SOURCE RECORDS -
:::::

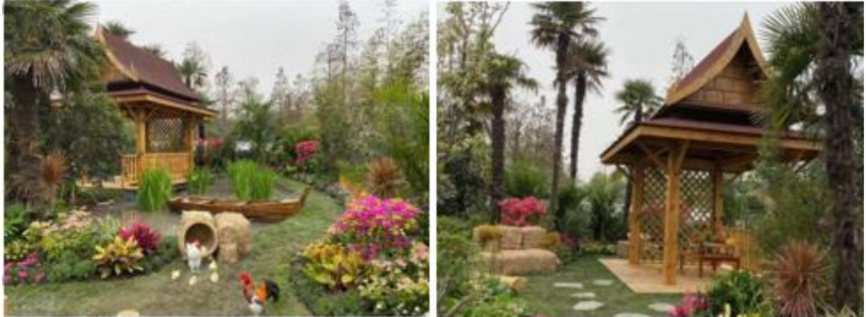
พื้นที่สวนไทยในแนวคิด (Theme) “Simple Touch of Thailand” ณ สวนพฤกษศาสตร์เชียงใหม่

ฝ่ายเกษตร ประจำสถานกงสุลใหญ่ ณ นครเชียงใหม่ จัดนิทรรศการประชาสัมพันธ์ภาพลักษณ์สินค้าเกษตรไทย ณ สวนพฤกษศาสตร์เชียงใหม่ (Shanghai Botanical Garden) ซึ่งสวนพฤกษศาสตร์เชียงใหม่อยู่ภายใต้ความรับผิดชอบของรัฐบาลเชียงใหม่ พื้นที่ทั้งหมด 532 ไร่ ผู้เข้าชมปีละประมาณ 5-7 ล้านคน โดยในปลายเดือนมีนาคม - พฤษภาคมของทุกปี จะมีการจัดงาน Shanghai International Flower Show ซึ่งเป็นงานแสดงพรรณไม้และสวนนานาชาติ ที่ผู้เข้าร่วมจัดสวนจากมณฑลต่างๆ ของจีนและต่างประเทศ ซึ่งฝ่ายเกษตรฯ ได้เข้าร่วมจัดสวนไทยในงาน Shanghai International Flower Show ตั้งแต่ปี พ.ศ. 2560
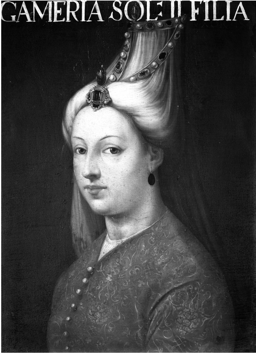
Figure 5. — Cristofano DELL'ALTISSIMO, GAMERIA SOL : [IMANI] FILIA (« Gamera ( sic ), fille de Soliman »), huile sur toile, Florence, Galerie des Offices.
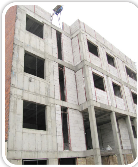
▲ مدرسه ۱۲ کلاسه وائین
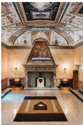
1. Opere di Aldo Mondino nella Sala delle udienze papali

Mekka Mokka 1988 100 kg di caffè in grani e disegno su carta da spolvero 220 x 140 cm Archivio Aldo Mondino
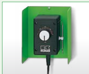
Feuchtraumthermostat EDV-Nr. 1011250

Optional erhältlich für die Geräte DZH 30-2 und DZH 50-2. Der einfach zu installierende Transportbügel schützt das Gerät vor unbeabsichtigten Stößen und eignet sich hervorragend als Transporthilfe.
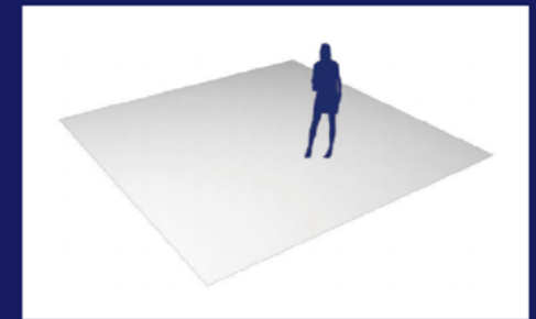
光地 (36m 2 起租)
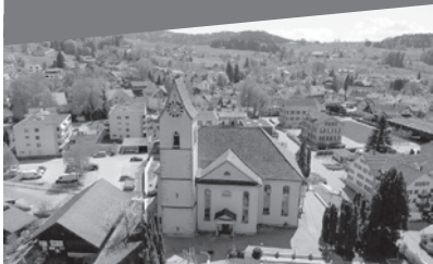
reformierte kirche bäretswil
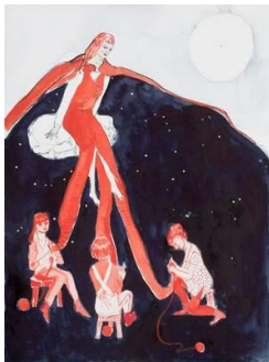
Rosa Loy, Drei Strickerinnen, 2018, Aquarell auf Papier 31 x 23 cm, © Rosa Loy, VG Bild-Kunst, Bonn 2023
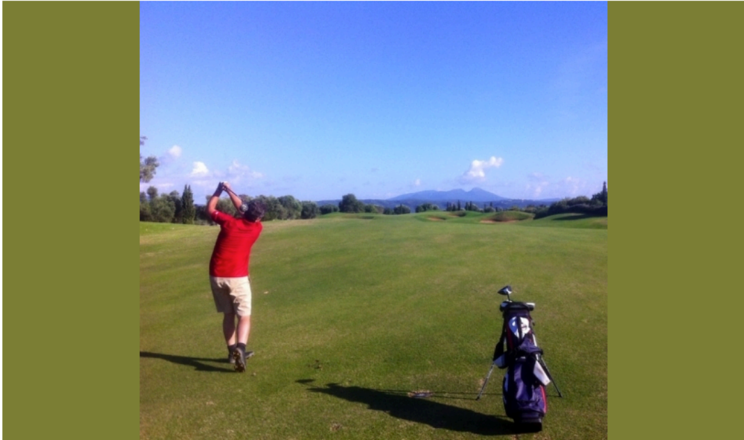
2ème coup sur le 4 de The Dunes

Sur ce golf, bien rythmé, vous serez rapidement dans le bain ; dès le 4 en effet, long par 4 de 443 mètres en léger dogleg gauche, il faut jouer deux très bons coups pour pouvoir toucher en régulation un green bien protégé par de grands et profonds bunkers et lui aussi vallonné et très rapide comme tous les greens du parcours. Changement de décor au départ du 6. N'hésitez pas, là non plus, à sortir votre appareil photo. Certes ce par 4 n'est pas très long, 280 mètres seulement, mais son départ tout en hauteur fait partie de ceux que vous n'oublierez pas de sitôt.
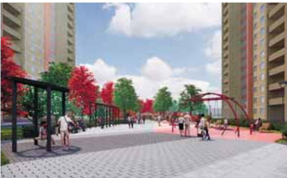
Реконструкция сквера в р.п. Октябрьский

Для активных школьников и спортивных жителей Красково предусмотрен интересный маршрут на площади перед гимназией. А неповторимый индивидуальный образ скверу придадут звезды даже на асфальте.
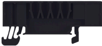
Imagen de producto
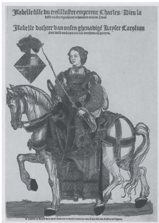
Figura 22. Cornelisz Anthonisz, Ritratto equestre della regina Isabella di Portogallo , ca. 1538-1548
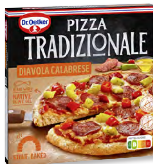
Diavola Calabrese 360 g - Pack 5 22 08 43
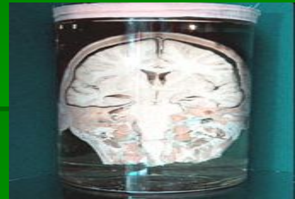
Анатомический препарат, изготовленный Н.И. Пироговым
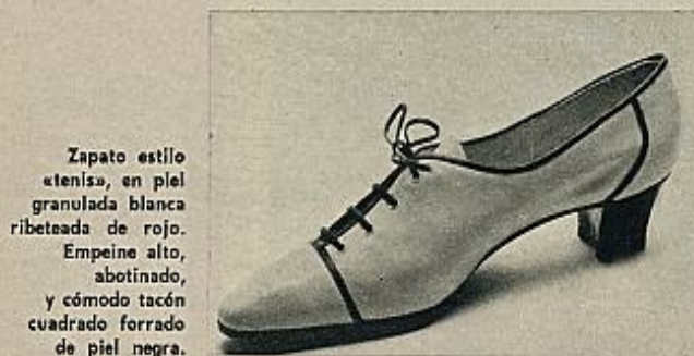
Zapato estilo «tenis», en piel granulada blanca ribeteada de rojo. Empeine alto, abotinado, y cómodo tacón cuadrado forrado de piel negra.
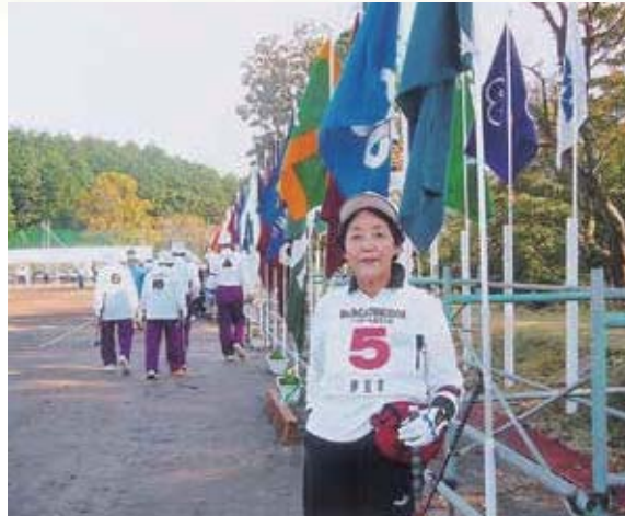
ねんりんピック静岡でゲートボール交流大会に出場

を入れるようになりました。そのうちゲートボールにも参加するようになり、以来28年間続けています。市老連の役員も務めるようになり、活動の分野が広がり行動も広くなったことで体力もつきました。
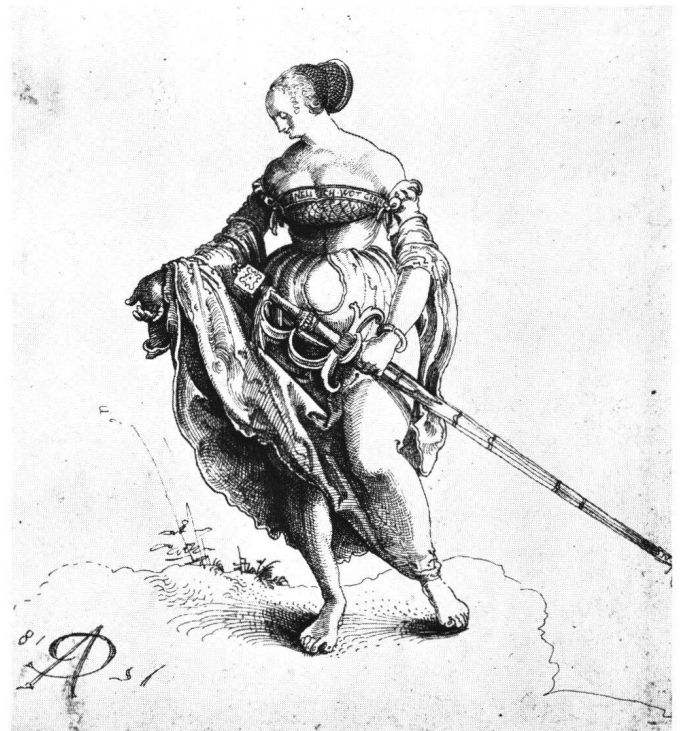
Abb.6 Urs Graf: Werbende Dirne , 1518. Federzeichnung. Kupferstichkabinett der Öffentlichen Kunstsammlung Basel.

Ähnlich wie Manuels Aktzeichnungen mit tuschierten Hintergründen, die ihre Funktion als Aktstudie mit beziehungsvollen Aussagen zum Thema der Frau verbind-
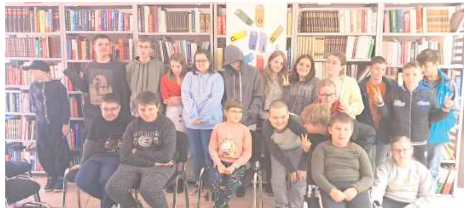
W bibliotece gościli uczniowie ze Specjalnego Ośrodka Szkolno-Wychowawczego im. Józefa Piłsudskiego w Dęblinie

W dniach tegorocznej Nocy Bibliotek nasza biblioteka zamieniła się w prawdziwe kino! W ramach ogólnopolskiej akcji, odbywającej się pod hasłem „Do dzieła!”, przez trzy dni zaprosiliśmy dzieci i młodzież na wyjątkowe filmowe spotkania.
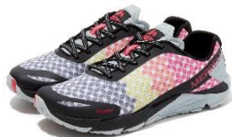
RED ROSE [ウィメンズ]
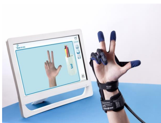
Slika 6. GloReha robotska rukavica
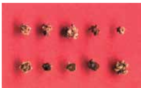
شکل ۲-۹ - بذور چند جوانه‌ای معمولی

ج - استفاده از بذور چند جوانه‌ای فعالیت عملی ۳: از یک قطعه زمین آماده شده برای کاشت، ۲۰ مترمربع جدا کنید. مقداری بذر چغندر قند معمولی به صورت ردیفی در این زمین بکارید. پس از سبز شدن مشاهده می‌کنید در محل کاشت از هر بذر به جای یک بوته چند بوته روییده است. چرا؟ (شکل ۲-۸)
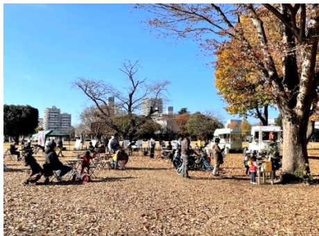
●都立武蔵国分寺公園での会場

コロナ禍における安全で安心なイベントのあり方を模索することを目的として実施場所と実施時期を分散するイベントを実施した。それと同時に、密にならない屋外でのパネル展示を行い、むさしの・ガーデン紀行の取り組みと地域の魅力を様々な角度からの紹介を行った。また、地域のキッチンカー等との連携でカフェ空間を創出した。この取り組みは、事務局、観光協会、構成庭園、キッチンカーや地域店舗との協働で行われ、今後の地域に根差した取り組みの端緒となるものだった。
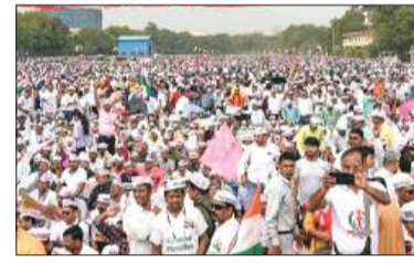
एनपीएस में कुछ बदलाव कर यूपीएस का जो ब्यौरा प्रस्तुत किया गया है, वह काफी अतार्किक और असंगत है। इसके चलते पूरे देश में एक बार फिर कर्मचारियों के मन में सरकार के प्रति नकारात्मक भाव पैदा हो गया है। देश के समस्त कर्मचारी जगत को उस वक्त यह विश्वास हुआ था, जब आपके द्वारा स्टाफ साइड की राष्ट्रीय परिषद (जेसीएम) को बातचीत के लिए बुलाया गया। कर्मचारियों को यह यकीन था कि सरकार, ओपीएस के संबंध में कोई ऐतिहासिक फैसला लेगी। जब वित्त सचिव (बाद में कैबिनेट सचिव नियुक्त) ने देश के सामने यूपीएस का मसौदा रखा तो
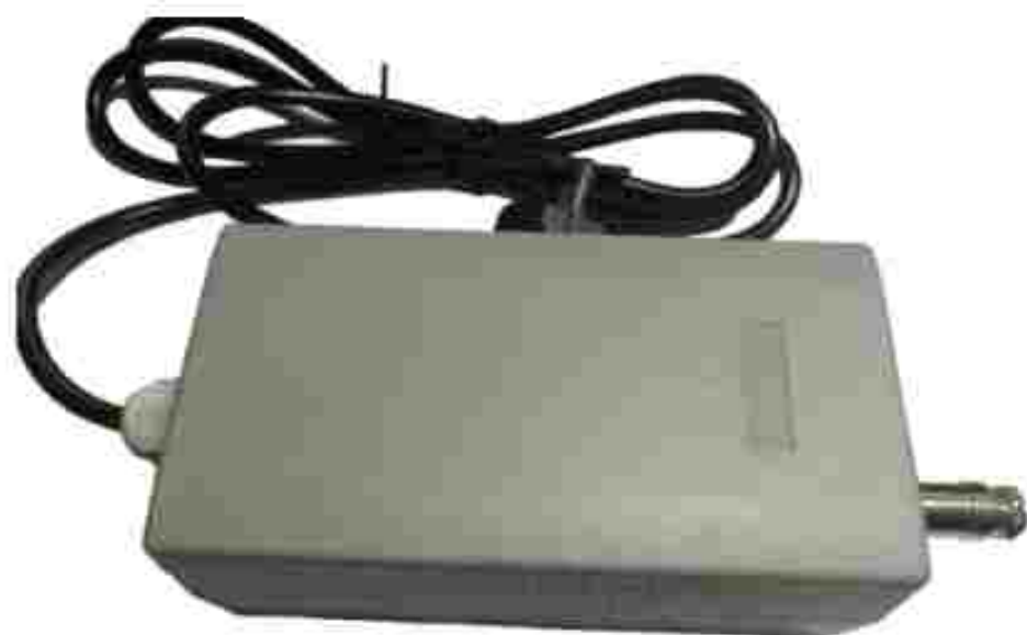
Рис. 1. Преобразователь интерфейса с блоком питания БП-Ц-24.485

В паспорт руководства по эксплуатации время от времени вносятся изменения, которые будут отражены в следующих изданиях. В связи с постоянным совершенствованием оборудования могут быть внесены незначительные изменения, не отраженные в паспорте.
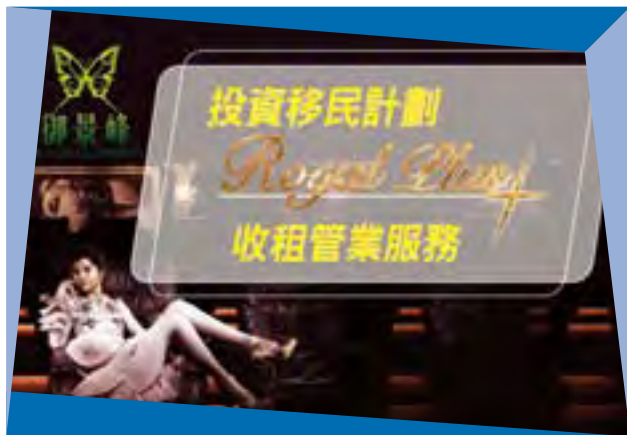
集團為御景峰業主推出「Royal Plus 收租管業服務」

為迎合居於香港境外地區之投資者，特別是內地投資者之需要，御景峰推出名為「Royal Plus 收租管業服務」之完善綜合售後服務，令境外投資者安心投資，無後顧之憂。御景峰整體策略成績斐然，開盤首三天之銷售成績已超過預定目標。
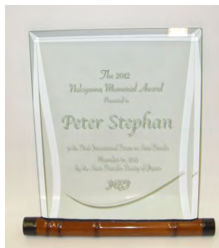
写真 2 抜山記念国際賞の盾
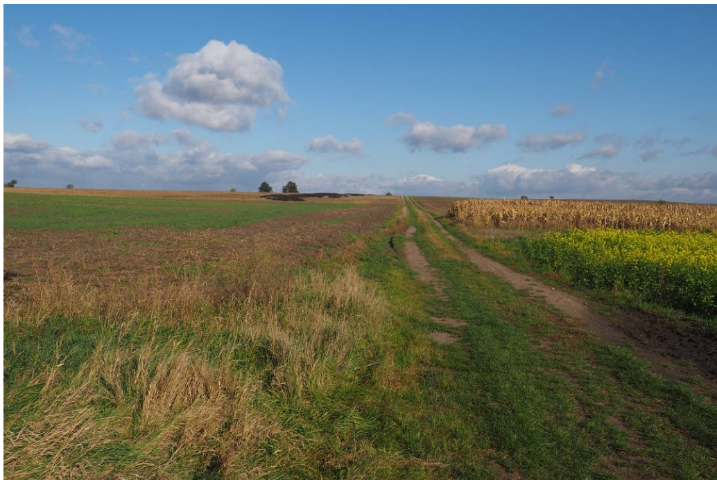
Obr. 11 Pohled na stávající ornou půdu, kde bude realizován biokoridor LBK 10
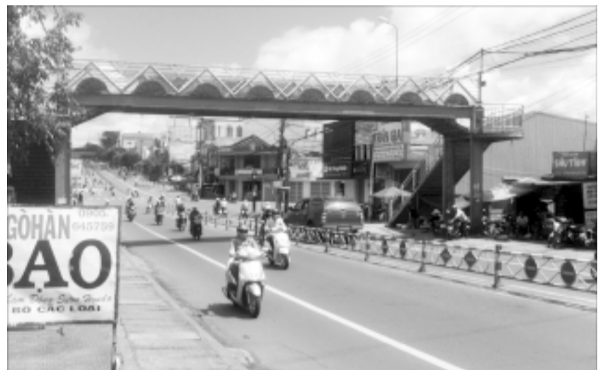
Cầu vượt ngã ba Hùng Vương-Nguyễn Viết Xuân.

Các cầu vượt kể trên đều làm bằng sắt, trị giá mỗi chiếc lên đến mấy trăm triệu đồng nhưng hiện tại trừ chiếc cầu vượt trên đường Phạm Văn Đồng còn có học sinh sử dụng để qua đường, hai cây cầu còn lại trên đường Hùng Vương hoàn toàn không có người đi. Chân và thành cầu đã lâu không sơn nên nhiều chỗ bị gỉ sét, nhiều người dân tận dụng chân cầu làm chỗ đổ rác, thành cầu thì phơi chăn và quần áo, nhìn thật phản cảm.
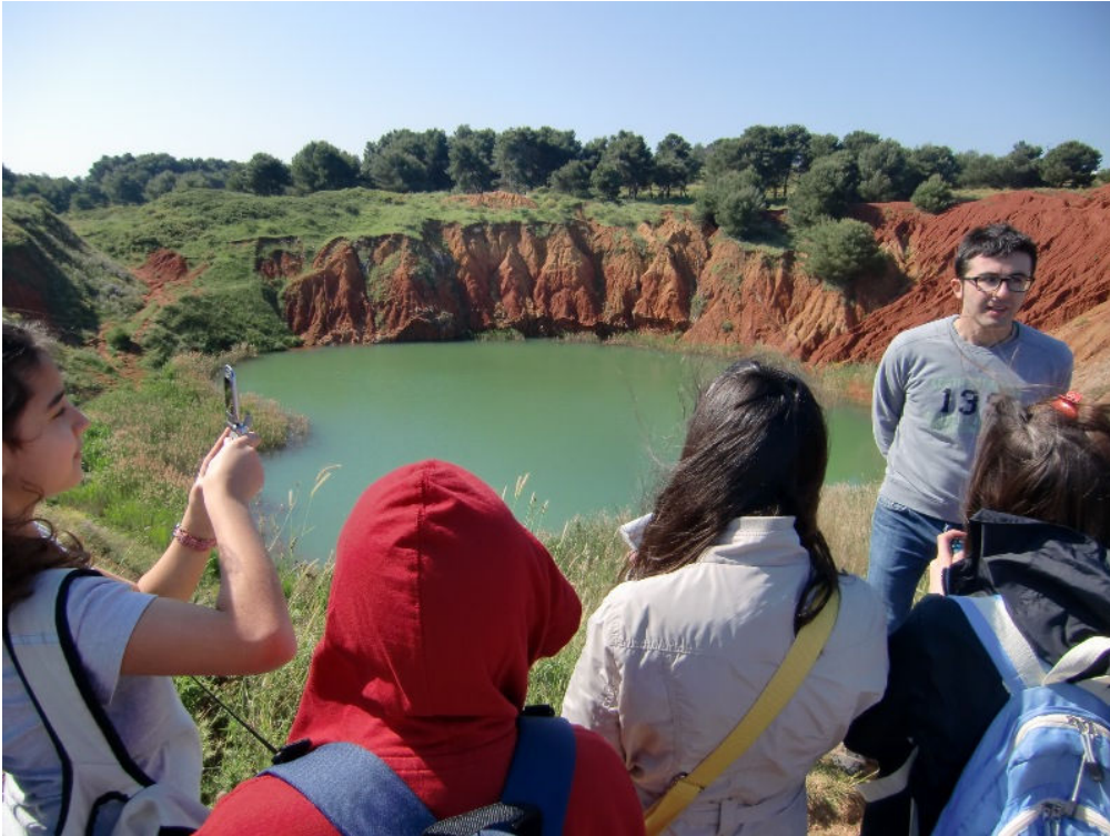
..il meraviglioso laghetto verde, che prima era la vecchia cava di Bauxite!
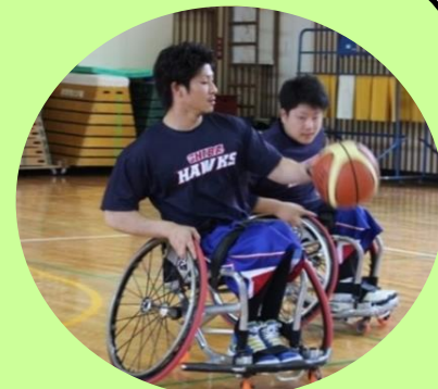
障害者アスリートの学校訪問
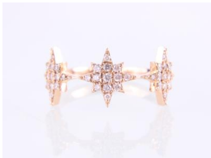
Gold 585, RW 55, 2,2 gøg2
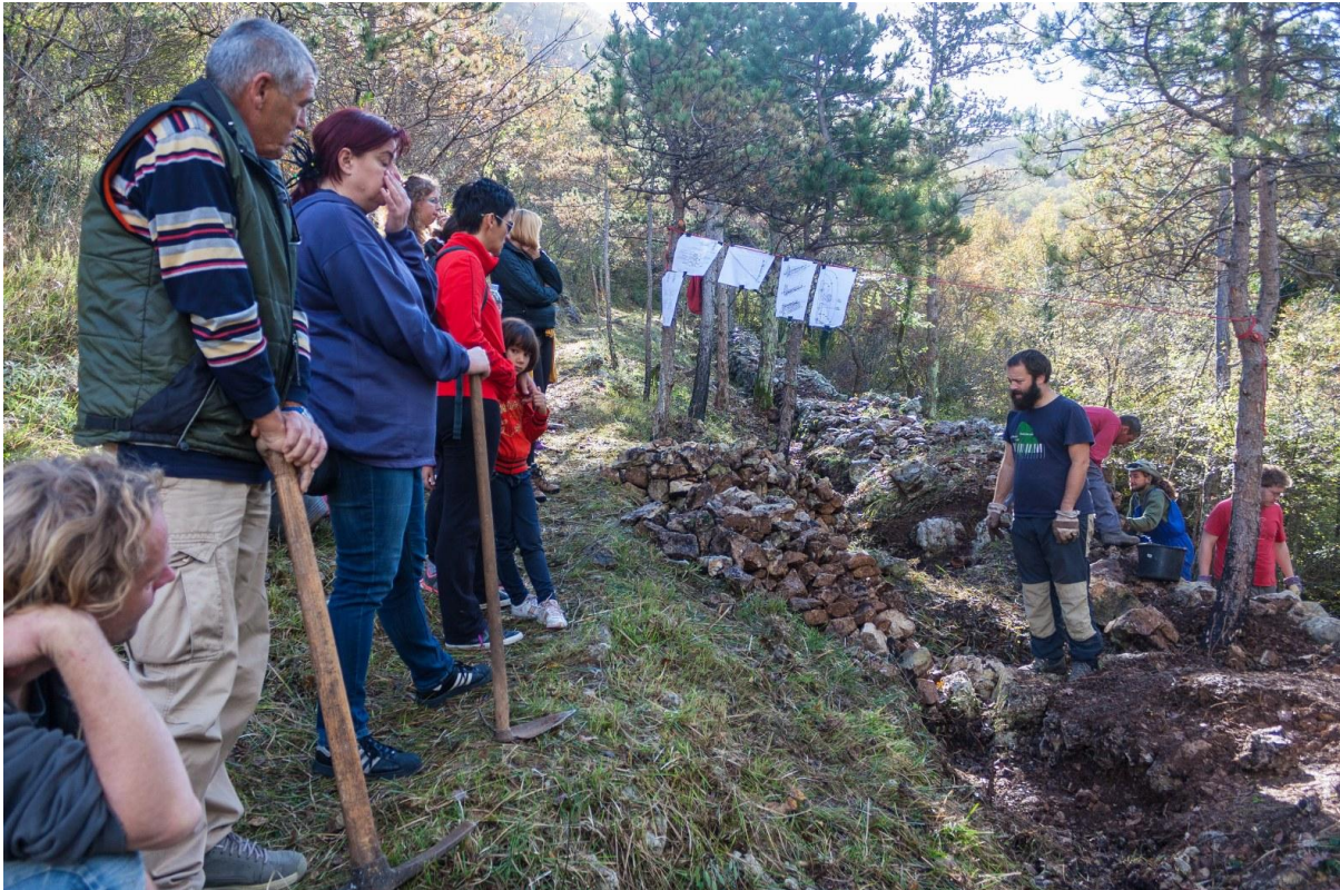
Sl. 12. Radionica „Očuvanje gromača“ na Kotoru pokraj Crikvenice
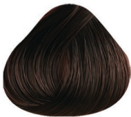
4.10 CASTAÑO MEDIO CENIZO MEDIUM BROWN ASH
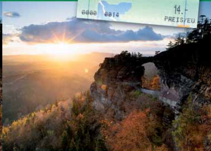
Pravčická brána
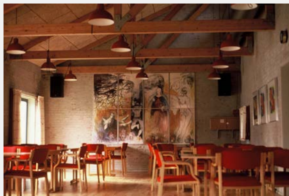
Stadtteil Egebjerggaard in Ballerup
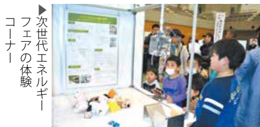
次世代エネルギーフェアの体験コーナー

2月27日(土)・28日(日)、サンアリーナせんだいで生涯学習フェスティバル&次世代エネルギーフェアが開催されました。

:::::

TASK ITEM - With the pictures excluded, the line containing "障害者アスリートの学校訪問" and every line after it through the end of the data above are to be transcribed exactly, and nothing more.

THE COMPLETED TASK -
障害者アスリートの学校訪問
Gold 585, RW 55, 2,2 gøg2
Sl. 12. Radionica „Očuvanje gromača“ na Kotoru pokraj Crikvenice
4.10 CASTAÑO MEDIO CENIZO MEDIUM BROWN ASH
Pravčická brána
Stadtteil Egebjerggaard in Ballerup
次世代エネルギーフェアの体験コーナー

2月27日(土)・28日(日)、サンアリーナせんだいで生涯学習フェスティバル&次世代エネルギーフェアが開催されました。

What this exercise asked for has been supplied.